**MATERIAL FOR THIS EXERCISE**
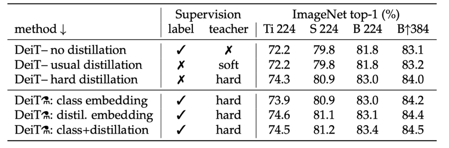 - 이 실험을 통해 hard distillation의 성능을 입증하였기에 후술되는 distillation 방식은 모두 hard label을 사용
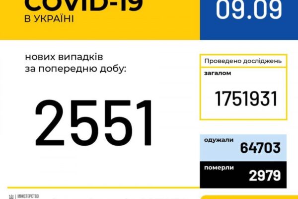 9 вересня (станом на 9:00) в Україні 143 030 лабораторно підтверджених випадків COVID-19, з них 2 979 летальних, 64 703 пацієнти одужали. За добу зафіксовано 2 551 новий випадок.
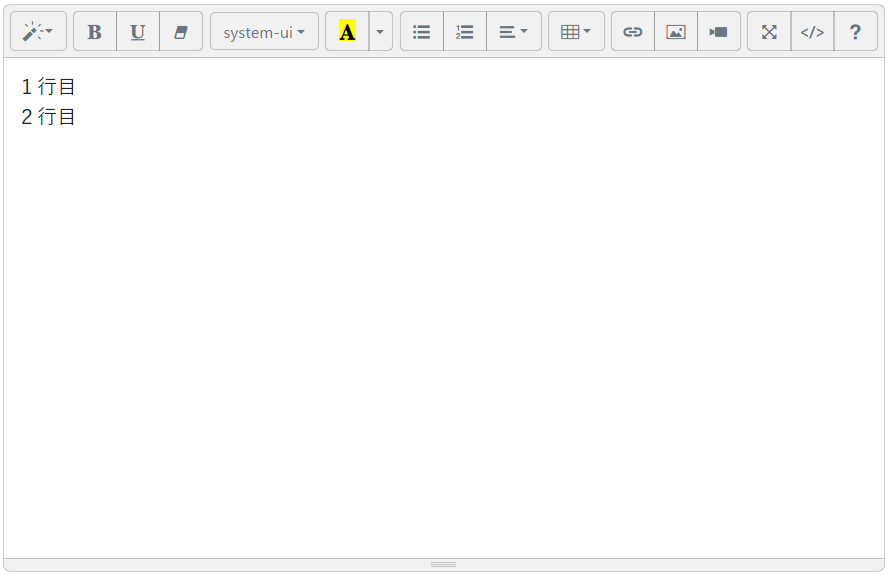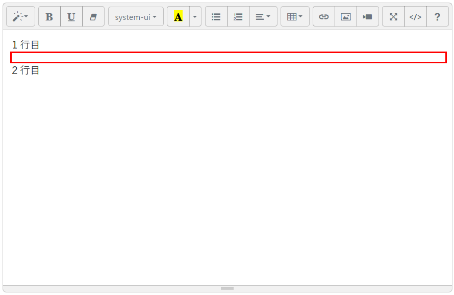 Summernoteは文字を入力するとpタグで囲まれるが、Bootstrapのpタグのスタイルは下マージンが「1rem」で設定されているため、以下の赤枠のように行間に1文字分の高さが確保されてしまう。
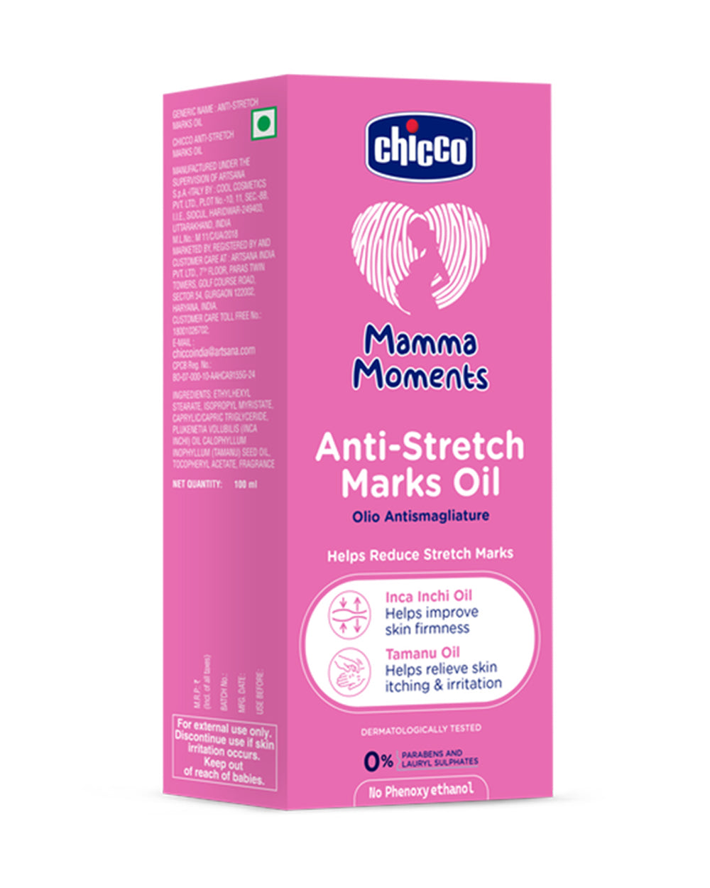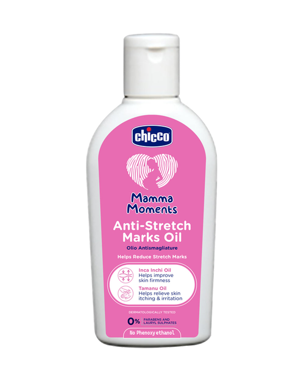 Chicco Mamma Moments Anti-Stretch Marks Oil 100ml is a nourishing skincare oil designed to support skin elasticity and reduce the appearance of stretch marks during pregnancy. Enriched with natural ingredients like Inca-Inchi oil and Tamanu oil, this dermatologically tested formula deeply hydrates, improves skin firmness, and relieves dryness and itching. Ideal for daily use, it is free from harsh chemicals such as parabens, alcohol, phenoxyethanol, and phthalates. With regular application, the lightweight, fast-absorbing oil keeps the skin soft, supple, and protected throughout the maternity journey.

* * *

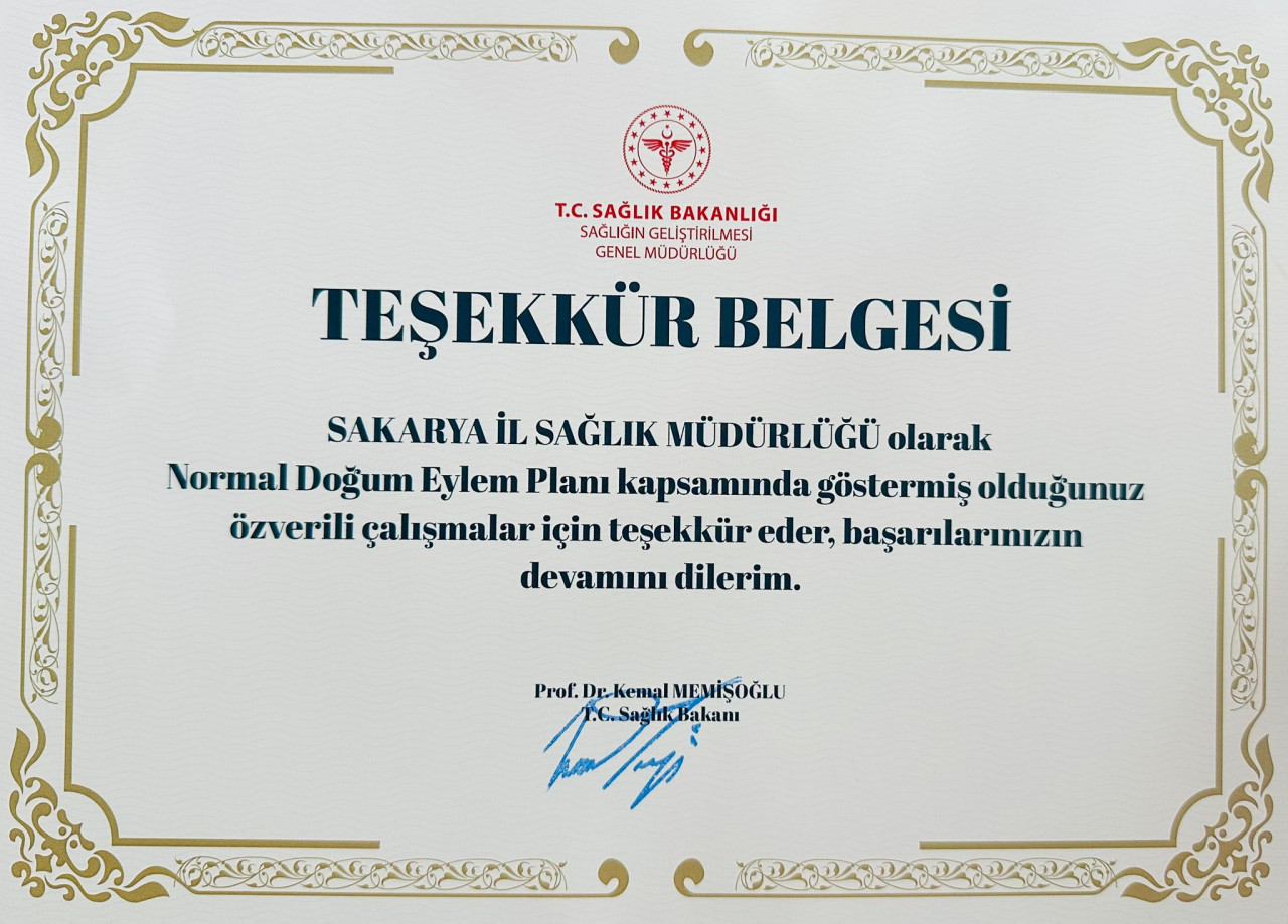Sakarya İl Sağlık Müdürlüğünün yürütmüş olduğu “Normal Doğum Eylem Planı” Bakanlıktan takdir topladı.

**YOUR OBJECTIVE**
Set down, exactly as written above, each line from the one with "9 вересня (станом" through the one with "Chicco Mamma Moments", and skip the pictures.

**RESPONSE AREA**
 9 вересня (станом на 9:00) в Україні 143 030 лабораторно підтверджених випадків COVID-19, з них 2 979 летальних, 64 703 пацієнти одужали. За добу зафіксовано 2 551 новий випадок.
 Summernoteは文字を入力するとpタグで囲まれるが、Bootstrapのpタグのスタイルは下マージンが「1rem」で設定されているため、以下の赤枠のように行間に1文字分の高さが確保されてしまう。
 Chicco Mamma Moments Anti-Stretch Marks Oil 100ml is a nourishing skincare oil designed to support skin elasticity and reduce the appearance of stretch marks during pregnancy. Enriched with natural ingredients like Inca-Inchi oil and Tamanu oil, this dermatologically tested formula deeply hydrates, improves skin firmness, and relieves dryness and itching. Ideal for daily use, it is free from harsh chemicals such as parabens, alcohol, phenoxyethanol, and phthalates. With regular application, the lightweight, fast-absorbing oil keeps the skin soft, supple, and protected throughout the maternity journey.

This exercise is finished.